Era il 6 aprile, il giorno prima gli Alleati avevano messo in pratica un attacco alla Linea Gotica nel settore tirrenico.
Si fece indicare la strada per Piazza Maggiore, il cuore di Bologna, arrivandoci nel giro di pochi minuti. Era la strada più comoda per arrivare a villa Durastanti, l'abitazione del suo amico Eugenio. Era di fretta, ma non poté fare a meno di fermarsi ad ammirare la piazza della città felsinea. Palazzo dei Notai, la Torre dell'orologio, Palazzo del Podestà, Palazzo Bianchi. Nella vista dell'ultimo edificio gli venne una fitta al cuore, Palazzo D'Accursio, dove nel 1920 una nutrita squadra fascista attaccò la folla riunitasi in occasione dell'insediamento della nuova giunta comunale. La gente camminava a testa bassa. I tedeschi erano lì, da due anni ancora facevano paura. Davanti il cancello della villa ci arrivò stanco. Suonò e il maggiordomo dovette aiutarlo. Il percorso sembrava breve, e invece sembrava non finire mai. Il sudore colava dalla fronte e respirava affannosamente ma era felice. Prima della guerra era già stato a Bologna e gli mancava. La città e il suo amico. "Patrizio, che ci fai qui?" chiese Eugenio, sorpreso di quella visita totalmente inaspettata.
" Non sei felice che io sia qui?" replicò lui ridendo sotto i baffi.
" Certo, certo..." si avvicinò alla cameriera e gli disse di preparare qualcosa per il suo ospite. Il maggiordomo che l'aveva accolto lo fece sedere su una poltrona. In fondo, amava beneficiare di quel lusso nonostante negli anni i Durastanti iniziarono a perdere un pò. Nella stanza entrò Angela. Patrizio si accorse che entrambi erano vestiti di nero. Alla fine del 1944 avevano perso la madre, erano ancora in periodo di lutto. Patrizio era sempre stato affascinato da Angela tanto da essere invidioso di Eugenio, fortunato ad avere una sorella come lei. Ai suoi occhi era una figura fantastica , immortale; aveva viaggiato, era abituata agli agi: era unica per lui. Alla sua vista i suoi occhi si illuminarono. Anche lei fu visibilmente sorpresa di vederlo, lo chiamò con voce assottigliata e tremante. Quando arrivò un bicchiere d'acqua, Patrizio lo assaporò lentamente. Angela lasciò soli i due, finalmente liberi di parlare. Eugenio si sedette sulla poltrona di fronte. "L'ultima volta che ti vidi" iniziò a dire Eugenio chiudendo gli occhi e ammirando il buio che si creava " sarà stato prima della guerra, forse due anni prima"
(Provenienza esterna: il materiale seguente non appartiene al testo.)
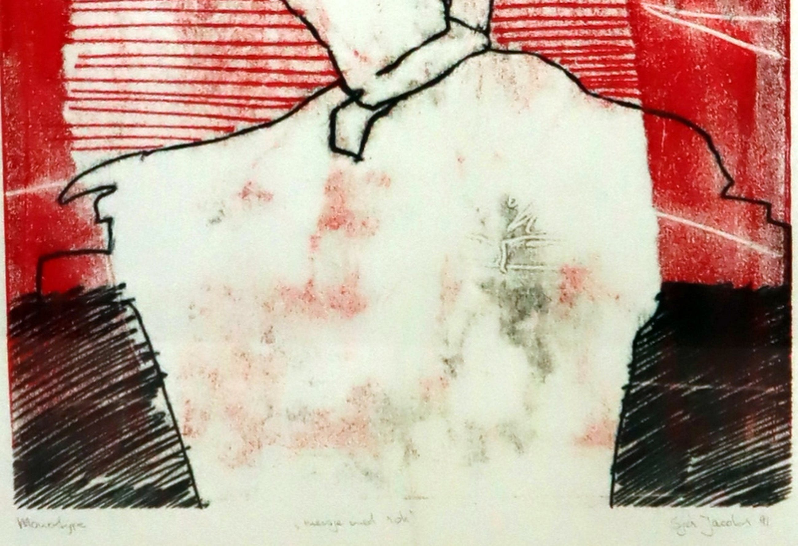 Monotype, hand gesigneerd in potlood, In aluminium sierlijst met glasplaat. Randen van papier aan bovenzijde gekreukt. Monotype print in goede conditie.

" Non essere sciocco" rise l'amico " ti avevo fatto visita nel natale di quattro anni fa. Da allora ci siamo scambiati molte lettere"
" Davvero? Sai quante? Esattamente due!" disse facendo il numero con le dita.
" Non farla così tragica, se avessi avuto un telefono ti avrei chiamato" "Peccato che noi non lo usiamo da un bel pò. Con l'aumento dei prezzi l'abbiamo venduto" sospirò " ma sicuramente non sei qui per sentire i miei affari."
" Infatti" e iniziò a raccontargli tutto. Dall'incontro con Spilla; la sua morte e la breve parentesi con i due coniugi Flora e Francesco. Infine, gli rivelò che magari l'avrebbe accolto finché non avrebbe trovato un alloggio. Finito il racconto, Eugenio soffocò una risatina
"Se fossimo semplici conoscenti penserei che tu voglia scoccare un buon letto e qualcosa di decente da mangiare" Patrizio divenne serio, si sistemò meglio sulla poltrona e scrutò Eugenio rabbioso e aspro.
"Non ridere. Vivi nel lusso ma lì fuori c'è gente disperata. E io l'ho vista" Eugenio abbassò il capo e ritornò serio.
"Hai ragione, scusami. Neppure noi c'è la passiamo bene".
I giorni trascorsero e una mattina, il 15 aprile, Angela sgridò la cameriera, una donna con i capelli bianchi e di bassa statura. Lei si scusò ma Angela non voleva starla a sentire. Patrizio assistette alla scena e una volta che la cameriera ritornò al suo lavoro, si avvicinò a Angela. " Che succede?" "Quell'imbranata" disse indicando con un cenno del capo la porta in cui era entrata la cameriera " non ne combina una buona"
" Ha dimenticato qualcosa?"
" Sì, ieri si è dimenticata il cervello dal fornaio. Ed è ritornata senza. Si è dimenticata di farsi dare il resto" "Posso ritirarlo io se vuoi" "Tranquillo. Forse neppure io devo prendermela, per poche lire poi..."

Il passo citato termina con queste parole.